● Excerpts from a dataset

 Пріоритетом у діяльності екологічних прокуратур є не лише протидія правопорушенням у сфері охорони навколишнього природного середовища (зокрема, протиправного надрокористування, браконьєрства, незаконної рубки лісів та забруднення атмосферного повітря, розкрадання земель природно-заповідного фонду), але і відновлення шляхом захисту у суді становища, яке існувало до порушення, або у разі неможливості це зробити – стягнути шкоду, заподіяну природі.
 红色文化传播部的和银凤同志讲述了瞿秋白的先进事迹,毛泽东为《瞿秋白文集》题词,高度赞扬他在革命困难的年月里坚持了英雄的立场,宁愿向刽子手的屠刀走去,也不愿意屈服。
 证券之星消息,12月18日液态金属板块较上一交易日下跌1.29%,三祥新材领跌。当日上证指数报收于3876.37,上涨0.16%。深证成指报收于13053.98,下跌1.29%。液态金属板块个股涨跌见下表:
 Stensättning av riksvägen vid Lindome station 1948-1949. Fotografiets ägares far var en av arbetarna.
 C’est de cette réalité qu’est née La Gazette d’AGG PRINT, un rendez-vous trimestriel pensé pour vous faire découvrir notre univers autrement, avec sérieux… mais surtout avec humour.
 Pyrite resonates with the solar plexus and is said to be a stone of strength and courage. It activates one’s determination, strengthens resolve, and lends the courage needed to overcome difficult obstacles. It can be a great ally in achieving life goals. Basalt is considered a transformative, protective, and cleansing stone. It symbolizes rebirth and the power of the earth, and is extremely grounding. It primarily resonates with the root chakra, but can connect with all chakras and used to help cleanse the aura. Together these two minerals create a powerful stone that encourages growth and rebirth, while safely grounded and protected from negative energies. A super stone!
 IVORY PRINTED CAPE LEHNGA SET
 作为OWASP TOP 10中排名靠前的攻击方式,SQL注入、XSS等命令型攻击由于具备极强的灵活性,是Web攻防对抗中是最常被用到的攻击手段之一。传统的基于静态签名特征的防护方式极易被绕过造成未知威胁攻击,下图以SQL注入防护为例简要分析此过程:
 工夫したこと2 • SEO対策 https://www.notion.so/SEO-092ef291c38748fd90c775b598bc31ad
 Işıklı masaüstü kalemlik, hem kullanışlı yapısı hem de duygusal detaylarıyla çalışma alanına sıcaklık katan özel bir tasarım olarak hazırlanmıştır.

● What to do
Every line of the data above should be reproduced word for word.

● Response
 Пріоритетом у діяльності екологічних прокуратур є не лише протидія правопорушенням у сфері охорони навколишнього природного середовища (зокрема, протиправного надрокористування, браконьєрства, незаконної рубки лісів та забруднення атмосферного повітря, розкрадання земель природно-заповідного фонду), але і відновлення шляхом захисту у суді становища, яке існувало до порушення, або у разі неможливості це зробити – стягнути шкоду, заподіяну природі.
 红色文化传播部的和银凤同志讲述了瞿秋白的先进事迹,毛泽东为《瞿秋白文集》题词,高度赞扬他在革命困难的年月里坚持了英雄的立场,宁愿向刽子手的屠刀走去,也不愿意屈服。
 证券之星消息,12月18日液态金属板块较上一交易日下跌1.29%,三祥新材领跌。当日上证指数报收于3876.37,上涨0.16%。深证成指报收于13053.98,下跌1.29%。液态金属板块个股涨跌见下表:
 Stensättning av riksvägen vid Lindome station 1948-1949. Fotografiets ägares far var en av arbetarna.
 C’est de cette réalité qu’est née La Gazette d’AGG PRINT, un rendez-vous trimestriel pensé pour vous faire découvrir notre univers autrement, avec sérieux… mais surtout avec humour.
 Pyrite resonates with the solar plexus and is said to be a stone of strength and courage. It activates one’s determination, strengthens resolve, and lends the courage needed to overcome difficult obstacles. It can be a great ally in achieving life goals. Basalt is considered a transformative, protective, and cleansing stone. It symbolizes rebirth and the power of the earth, and is extremely grounding. It primarily resonates with the root chakra, but can connect with all chakras and used to help cleanse the aura. Together these two minerals create a powerful stone that encourages growth and rebirth, while safely grounded and protected from negative energies. A super stone!
 IVORY PRINTED CAPE LEHNGA SET
 作为OWASP TOP 10中排名靠前的攻击方式,SQL注入、XSS等命令型攻击由于具备极强的灵活性,是Web攻防对抗中是最常被用到的攻击手段之一。传统的基于静态签名特征的防护方式极易被绕过造成未知威胁攻击,下图以SQL注入防护为例简要分析此过程:
 工夫したこと2 • SEO対策 https://www.notion.so/SEO-092ef291c38748fd90c775b598bc31ad
 Işıklı masaüstü kalemlik, hem kullanışlı yapısı hem de duygusal detaylarıyla çalışma alanına sıcaklık katan özel bir tasarım olarak hazırlanmıştır.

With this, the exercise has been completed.